Incitec Pivot Dividends Deserve a Look

ipl dividends
Source: ASX

Incitec Pivot dividends have taken off recently as the firm’s business segments are boosted by high demand and prices. Shares are currently trading with a 5% dividend yield, fully franked. Expectations for the 2H22 results remain bullish, and a dividend expectation is higher than we saw 12 months ago.

But there is more to ASX IPL’s dividends than just what will come in the second half of this year. As demand increases, the high volume of sales will increase IPL’s revenues in the short-to-medium term. The high prices of fertilisers and explosives will improve profit margins.

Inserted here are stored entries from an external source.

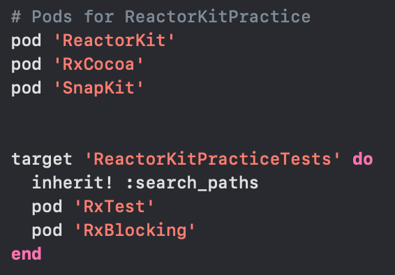 RxTest는 반드시 CocoaPod에서 Tests 쪽으로 타겟을 잡아줘야 빌드 오류 없이 편안하게 진행 가능함.
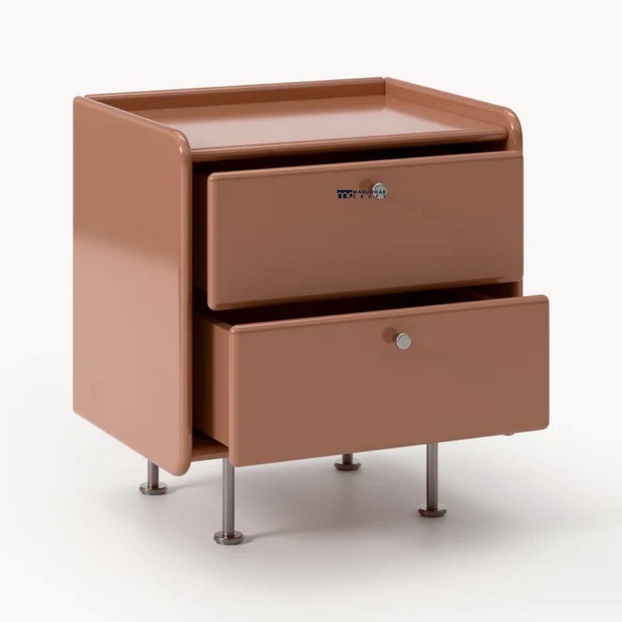 Infuse your bedroom with modern charm and a sophisticated pop of color with our Rounded 2-Drawer Nightstand. Designed with a clean, minimalist silhouette and a trend-setting dusty pink matte finish, this bedside table is the perfect marriage of contemporary style and daily utility. Its unique curved edges offer a soft visual appeal, while the two spacious drawers keep your personal items organized and within reach. Elevated by slender metallic legs, this piece brings a sense of light, airy sophistication to any contemporary, Scandinavian, or retro-inspired interior.
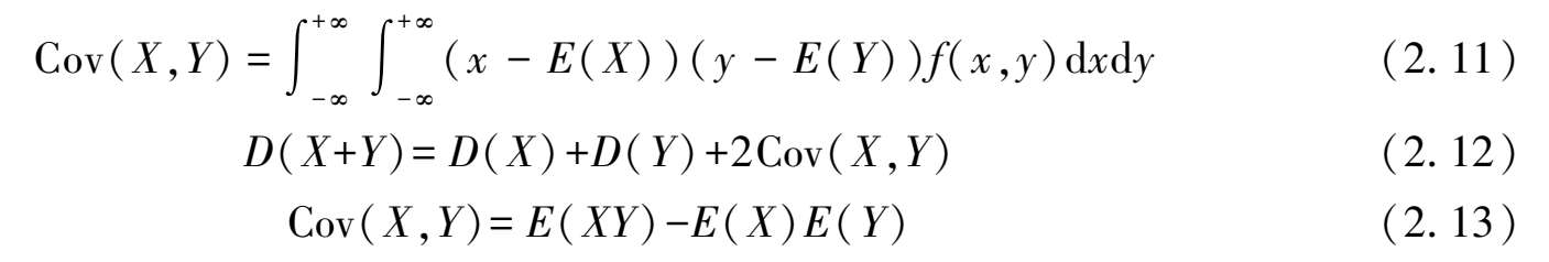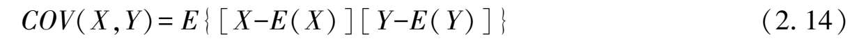 把 E {[ X - E ( X )][ Y - E ( Y )]}定义为随机变量 X 与 Y 的协方差,记为Cov( X , Y ),即Cov = E {[ X - E ( X )][ Y - E ( Y )]}。
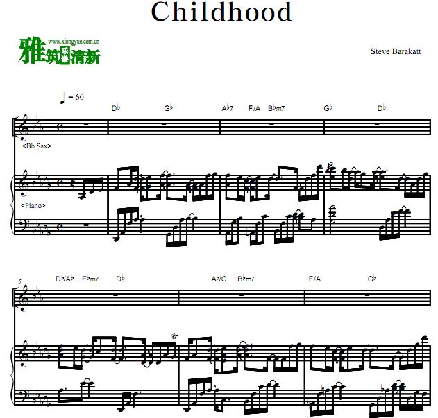 史蒂夫 贝瑞卡Steve Barakatt Childhood降B萨克斯钢琴谱
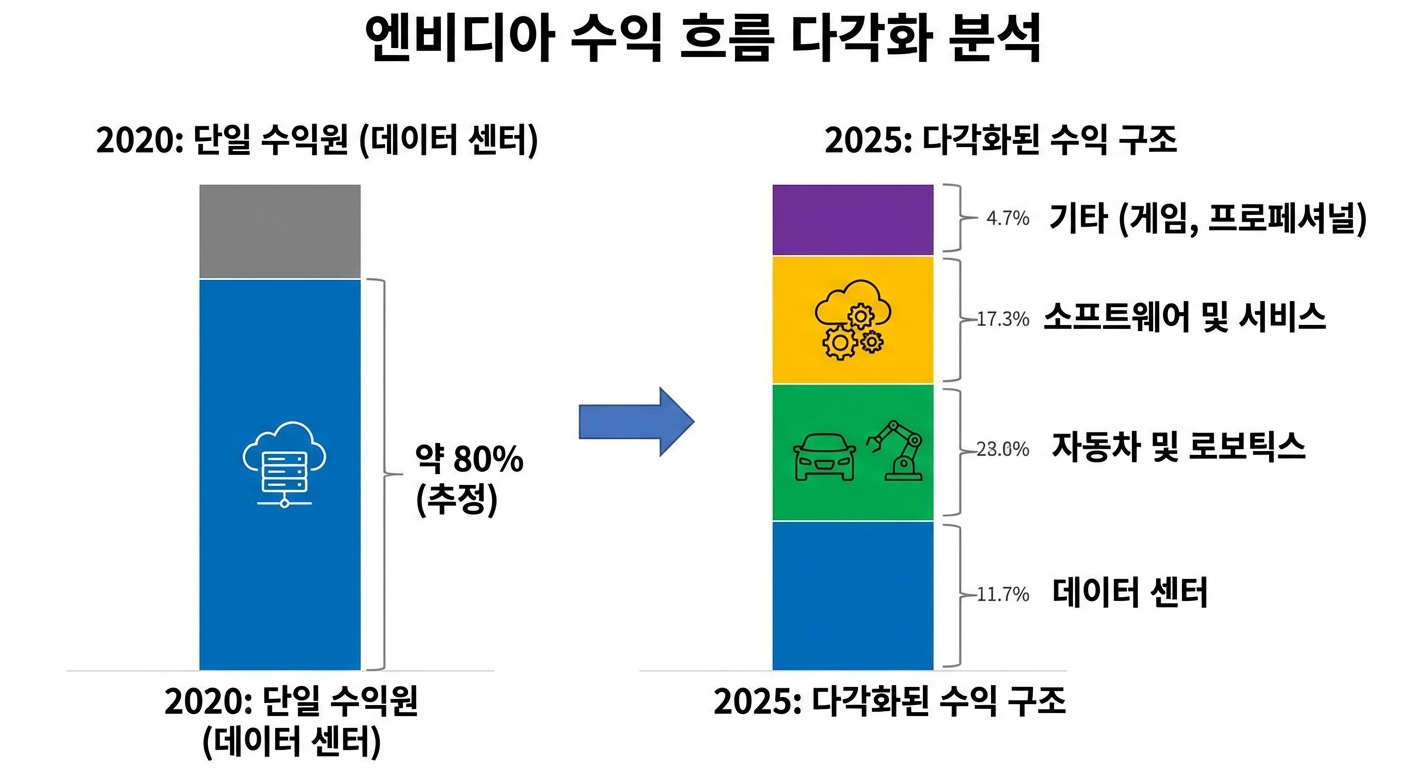 A. 데이터센터에 비해 매출 규모는 작지만, '성장률' 측면에서 중요합니다. 데이터센터 성장이 둔화될 때 자동차 부문이 50% 이상 고성장한다면 밸류에이션 하락을 막는 핵심 지지대가 됩니다.
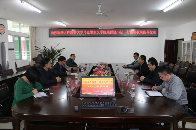 12月18日下午,大连海事大学澳门正规电子游戏平台党委书记苑世强一行5人到澳门正规访问交流,学院党委书记段捷频以及贺尧夫、丛德生、张君成等老师参加交流座谈会。 双方就学科建设、思想政治理论课建设与教学、学院管理、党建与精神文明和研究生管理等方面的内容进行了深入的交流和讨论。
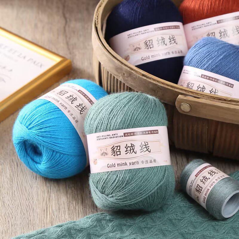精纺貂绒毛线 手编机织24s/3中粗 DIY编织毛衣围巾线细毛线批发
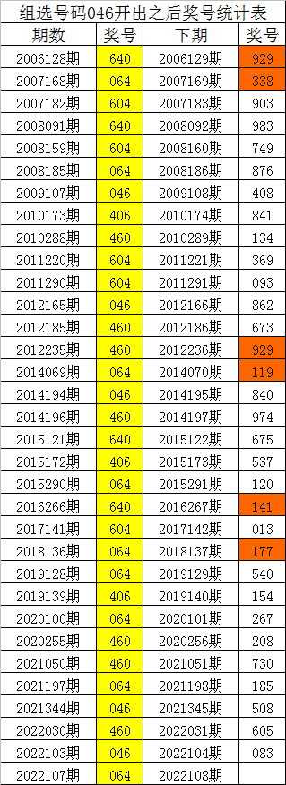 体彩排列三组选号码046历史上出现了33次,其下期奖号分别为:929、338、903、983、749、876、408、841、134、369、093、862、673、929、119、840、974、675、537、120、141、013、177、540、154、267、208、730、185、508、605、083,详细统计见下表:
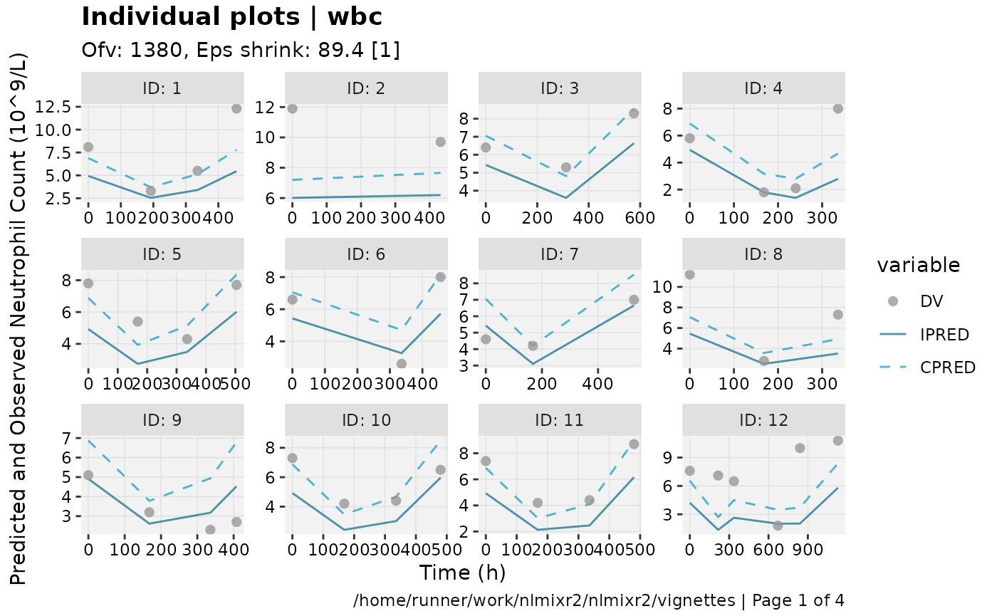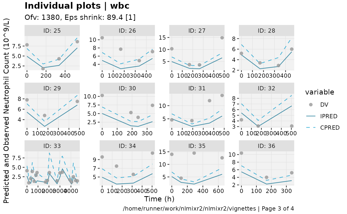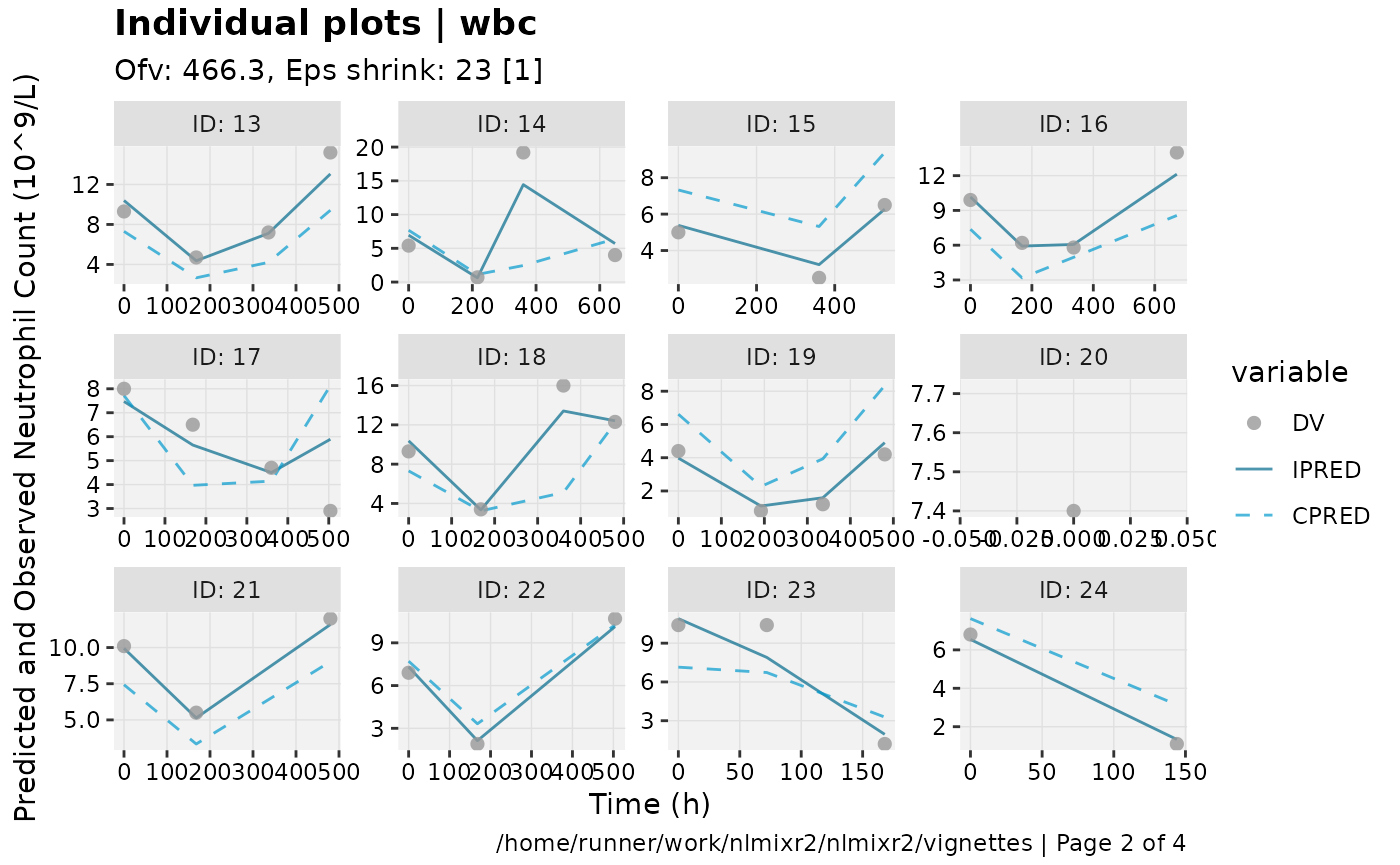 show=list(obs_dv=TRUE), ylab = "Neutrophil Count (10^9/L)", xlab = "Time (h)")
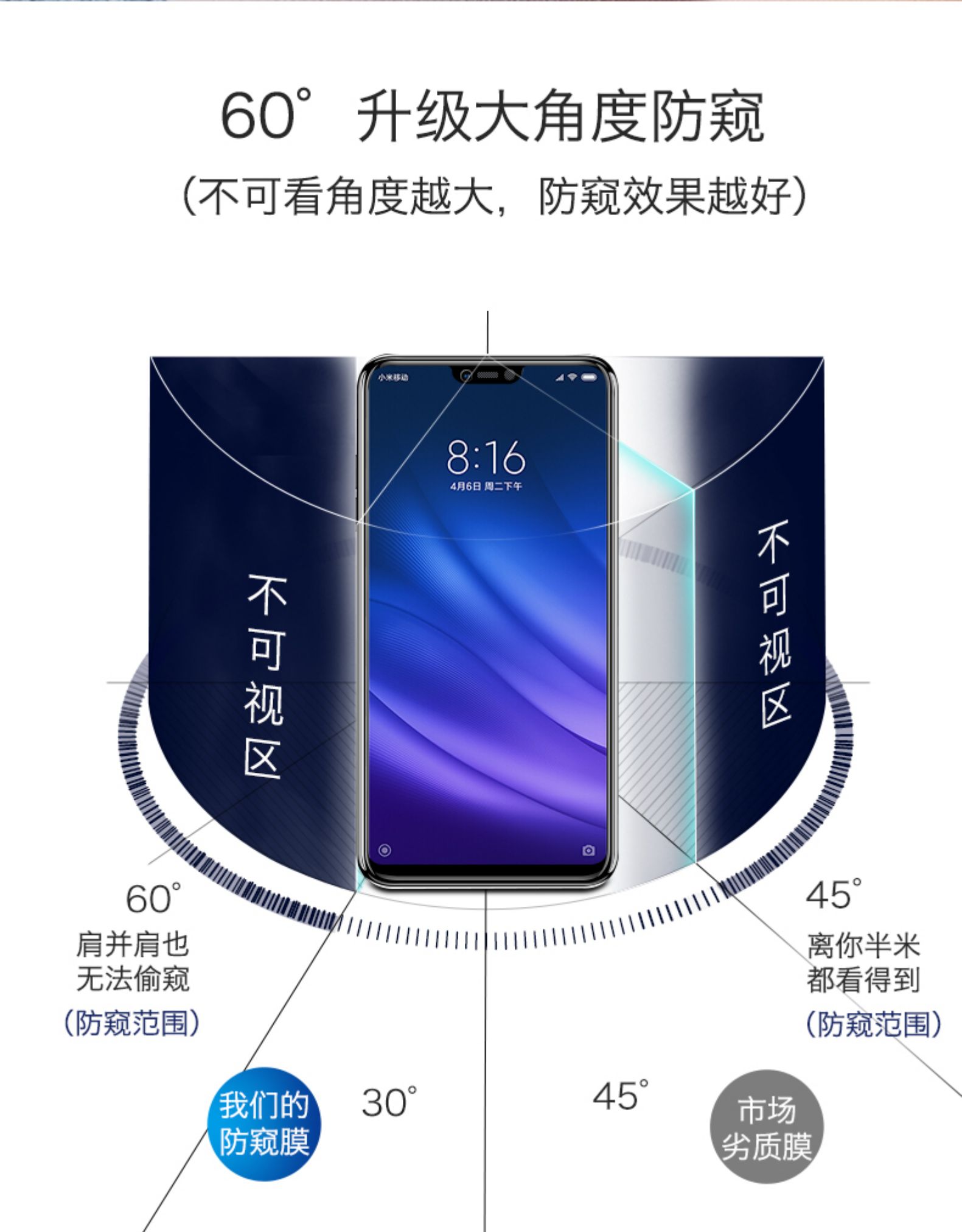 小米8钢化膜6x防偷窥膜8se防窥膜青春版防偷窃手机6透窥小米8屏幕指纹版探索全屏防摔玻璃覆盖贴膜无白边保护
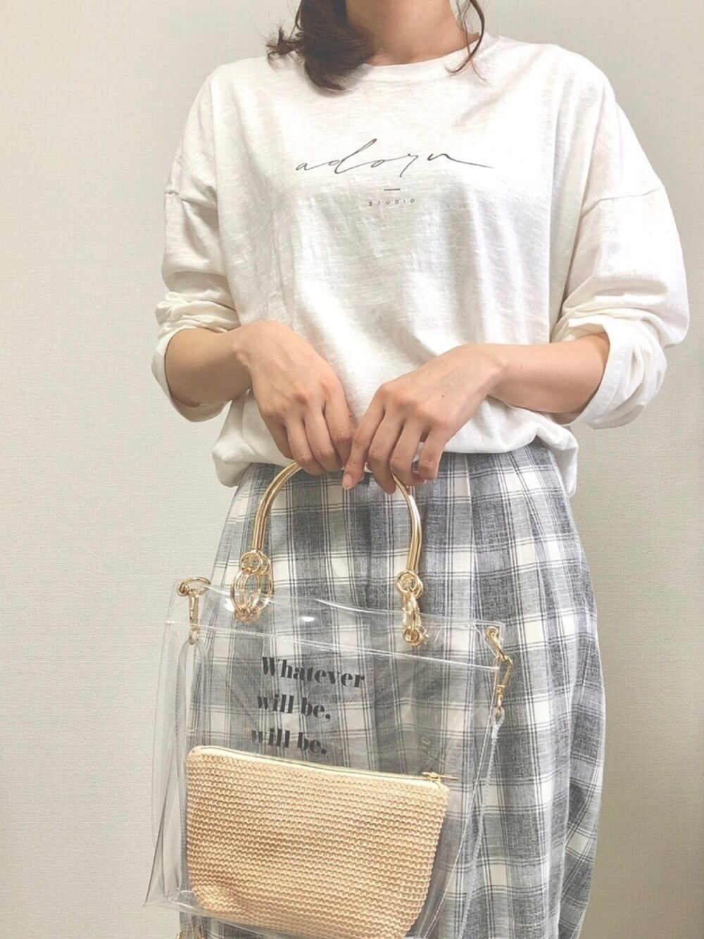 ご覧いただきありがとうございます☺︎ 白×グレーのモノトーンコーデにクリアバッグでシンプルに🙌 持ち手がゴールドで高見えする気がします☺️(単純) 中のポーチを変えたりして色んなパターン楽しめそうです🍀 いつもいいね、お気に入り、フォローも本当にありがとうございます🙇♀️🍀 フォルダに入れてくださった方もありがとうございます!とても嬉しいです☺︎
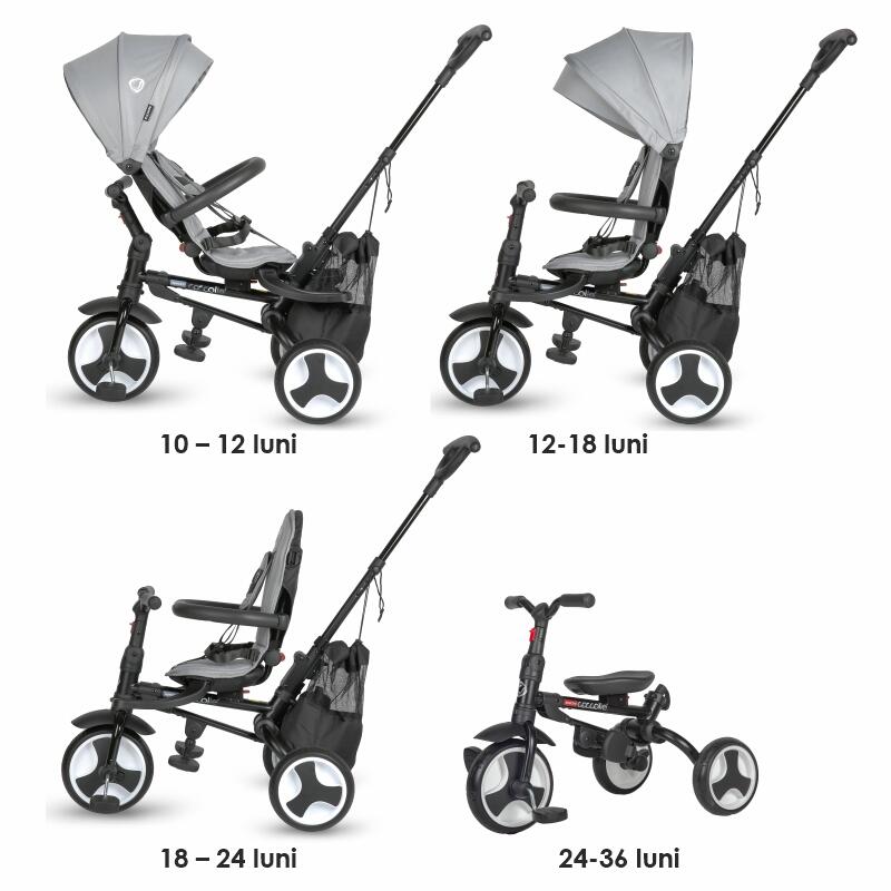 - Multifunctionala: se poate folosi de la 10 luni la 3 ani - cu toate accesoriile incluse; iar in modul tricicleta clasica, se poate folosi chiar si pana la 5 ani in functie de constitutia copilului
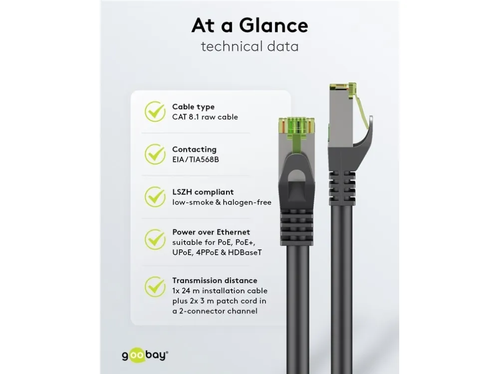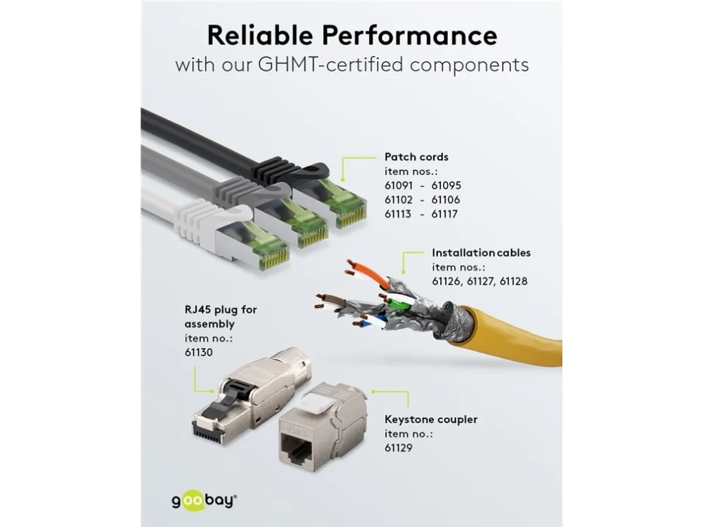 GHMT-certificeret til en transmissionsafstand på 1x 24 m installationskabel plus 2x 3 m patchkabel i 2-connector channel (8.1 Standard Class I med en driftsfrekvens på op til 2 GHz)
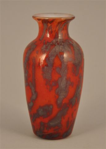 Charles SCHNEIDER (1881-1953). VASE ovoïde en verre soufflé moulé, nuagé de poudres intercalaires argent sur fond rouge orangé. Première moitié du XXème siècle. Signé. Haut. 15 cm.

This improved business performance will increase dividend distributions further. The dividend policy for ASX IPL currently pays out about 50% of NPAT. As NPAT increases due to high profitability, so will the dividends.

Summing Up

Incitec Pivot’s operates in the fertiliser and explosives segment. Prices and demand for both these products have expanded. Fertiliser prices have reached the peaks last seen in 2008, and explosives prices are rising on the back of heightened activity in the mining sector. This business tailwind is expected to continue as the Russia-Ukraine war has exasperated the food and energy crisis. Given the critical nature and market position of IPL, they are successfully able to pass on the inflationary costs to its customers. Hence, IPL’s profitability is increasing, and they are in line to increase dividends once again for FY22. This is another growth + dividend play with a 5% dividend yield that is trading at a P/E of just 6x for FY22.